Wistar rat studies were performed at the Centre of Experimental Medicine, Medical University in Lublin. 1HMRS spectra were conducted using a 7T MRI scanner (70/16 Pharma Scan, Bruker Biospin, GmbH, Germany) using a 72 mm transceiver RF coil and a 10 mm or 20 mm receive-only surface loop coil. Maximum gradient strength and slew rate for this system is 380 mT/m and 330 T/m/s, respectively. SVS spectra were measured with PRESS sequence (TE/TR = 16 ms/2.500 ms, 1024 averages). A 2.0 × 2.0 × 5.5 mm3 VOI was placed over the hippocampus, avoiding contributions from tissue-tissue borders and ventricular spaces. Field homogeneity of the VOI was achieved with Localised Shim procedure, the FWHM was typically in the range of 7 to 13 Hz. VAPOR implementation was used for water suppression.

Results and discussion

There are two main factors related to the spectrum quality, which increase significantly in high-field conditions. The first is signal-to-noise ratio (SNR), and the second is spectral resolution. Both can significantly improve the precision of identification and quantification of neurochemical profiles in animal and human studies [21,22].

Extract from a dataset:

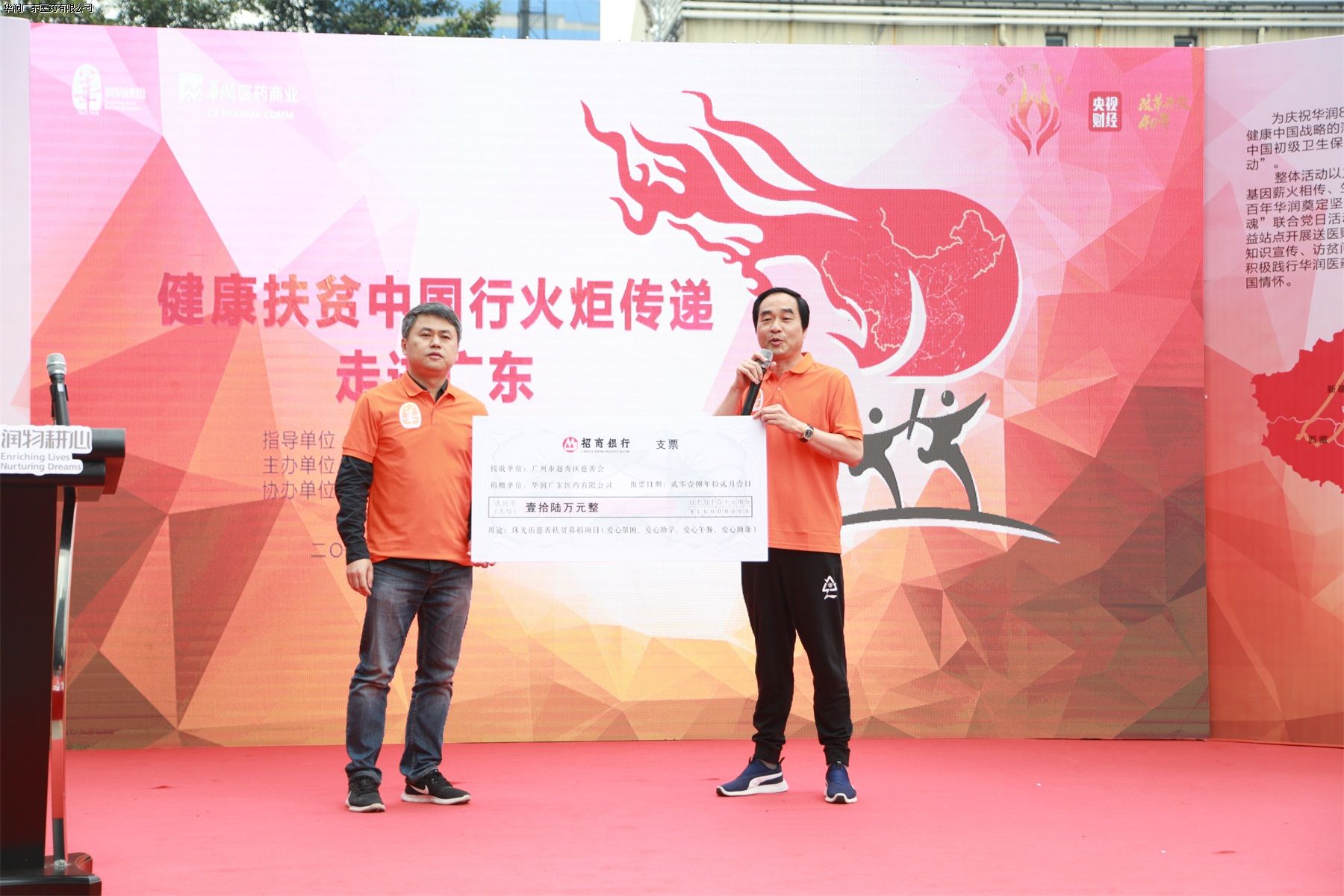 2018年適逢改革開放40周年盛世,為慶祝華潤 80 周年華誕,深入貫徹黨的十九大精神,助力健康中國戰(zhàn)略,華潤醫(yī)藥商業(yè)集團黨委與國家衛(wèi)生健康委聯(lián)合開展“健康扶貧中國行系列活動”,至今已經在全國27個省市開展“潤•Yao行動”社會責任項目,積極履行央企社會責任。今天寓意著華潤紅色基因薪火相傳、生生不息走進新時代的紅色火炬終于來到了廣東。

The main goal of the 1HMRS studies is the accurate quantification of the concentration of metabolites in selected regions of the body. The concentration is expressed in mmol/l–1 or µmol/g–1 of examined tissue [2]. The strongest component of the observed signal always comes from water and is approximately 1000 times higher than the strongest metabolite signal coming from N-acetyl aspartate (NAA) [23]. During spectrum acquisition the water signal is removed. The most popular solutions are Chemical Shift Selective Pulses (CHESS), pre-saturating water signal with the use of 90° frequency selective pulses followed by crusher gradients to diphase the water signal [17] and the variable pulse power and optimized relaxation delays (VAPOR) scheme, which uses seven or eight CHESS pulses with variable flip angle and inter-pulse delays [24]. In our studies the VAPOR scheme was used. It is commonly used in MRS studies because it enables better water suppression and is less sensitive to T1 variation as well as B1 inhomogeneity [25] than CHESS, although it lasts longer and increases power deposition (SAR) [17].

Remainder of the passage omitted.